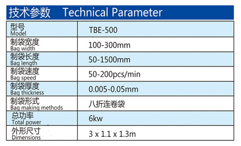 機(jī)器特性 此設(shè)備為生產(chǎn)連卷八折背心垃圾袋的專(zhuān)用設(shè)備,單通道高速無(wú)拉伸,操作簡(jiǎn)單,底封好,收卷整齊,個(gè)數(shù)準(zhǔn)確,手動(dòng)收卷。 此設(shè)備采用全鋼板一體而成,用電220V照明電即可。
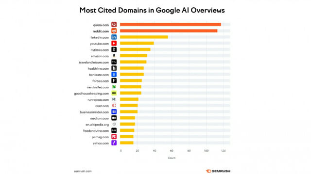 셈러시의 AI 검색 연구에 따르면 쿼라(Quora)는 구글 AI 오버뷰에서 가장 많이 인용되는 웹사이트다. 레딧(Reddit)이 2위를 차지했다. 쿼라와 레딧 사용자들은 다른 곳에서 다루지 않는 틈새 질문을 하고 답변하는 경우가 많다. 이로 인해 매우 구체적인 AI 프롬프트에 대한 풍부한 정보 소스가 된다. 특히 레딧은 구글과 파트너십을 맺고 AI 학습 데이터를 제공하고 있어 높은 인용률을 기록하고 있다.
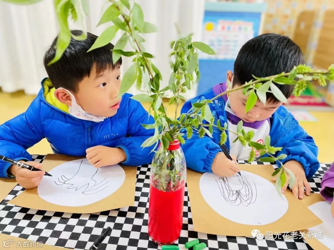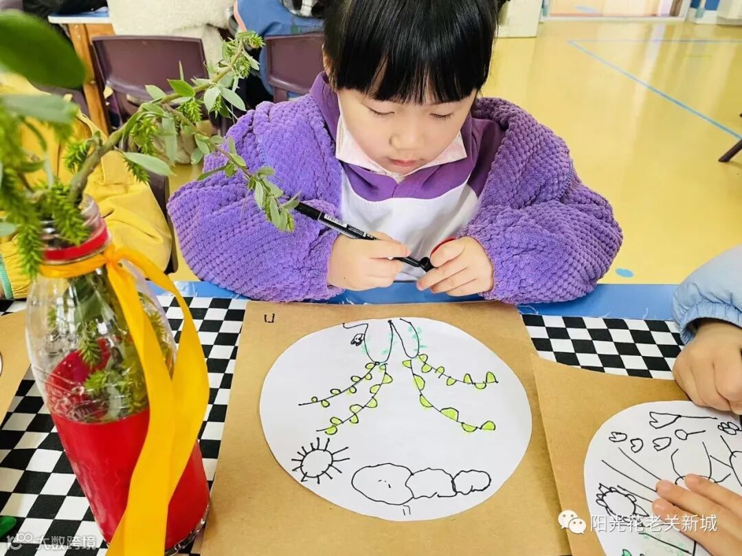 清明节是杨柳发芽抽绿的时间。中班幼儿画柳插柳,观察柳条、柳叶的外形特征,将自己观察到的绘画出来。同时,制作柳条花环,体验清明习俗的趣味。
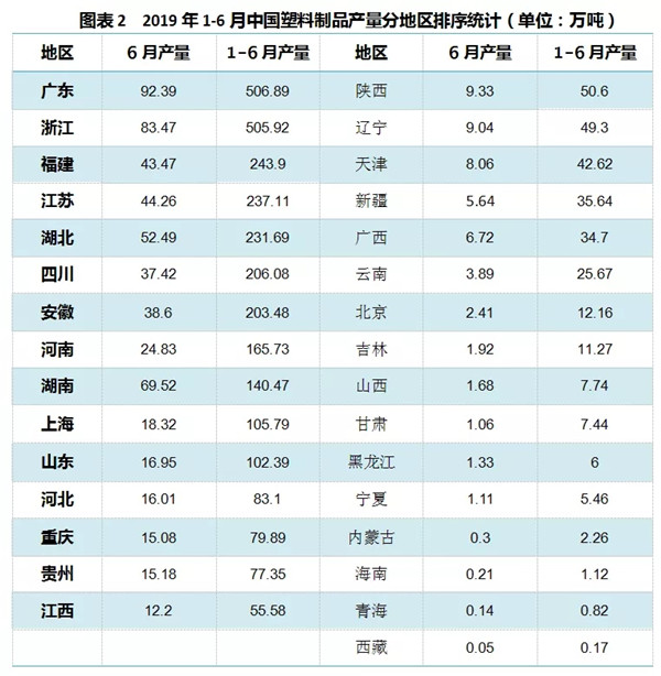 1-6月塑料制品累計產(chǎn)量排名前五位(廣東、浙江、福建、江蘇和湖北)的總產(chǎn)量達到1725.51萬噸,占到全國總產(chǎn)量53.3%。(按6月規(guī)模企業(yè)統(tǒng)計)

#### [Assignment]
Write the full listing out again with every line unchanged, but include no pictures.

#### [Finished task]
 機(jī)器特性 此設(shè)備為生產(chǎn)連卷八折背心垃圾袋的專(zhuān)用設(shè)備,單通道高速無(wú)拉伸,操作簡(jiǎn)單,底封好,收卷整齊,個(gè)數(shù)準(zhǔn)確,手動(dòng)收卷。 此設(shè)備采用全鋼板一體而成,用電220V照明電即可。
 셈러시의 AI 검색 연구에 따르면 쿼라(Quora)는 구글 AI 오버뷰에서 가장 많이 인용되는 웹사이트다. 레딧(Reddit)이 2위를 차지했다. 쿼라와 레딧 사용자들은 다른 곳에서 다루지 않는 틈새 질문을 하고 답변하는 경우가 많다. 이로 인해 매우 구체적인 AI 프롬프트에 대한 풍부한 정보 소스가 된다. 특히 레딧은 구글과 파트너십을 맺고 AI 학습 데이터를 제공하고 있어 높은 인용률을 기록하고 있다.
 清明节是杨柳发芽抽绿的时间。中班幼儿画柳插柳,观察柳条、柳叶的外形特征,将自己观察到的绘画出来。同时,制作柳条花环,体验清明习俗的趣味。
 1-6月塑料制品累計產(chǎn)量排名前五位(廣東、浙江、福建、江蘇和湖北)的總產(chǎn)量達到1725.51萬噸,占到全國總產(chǎn)量53.3%。(按6月規(guī)模企業(yè)統(tǒng)計)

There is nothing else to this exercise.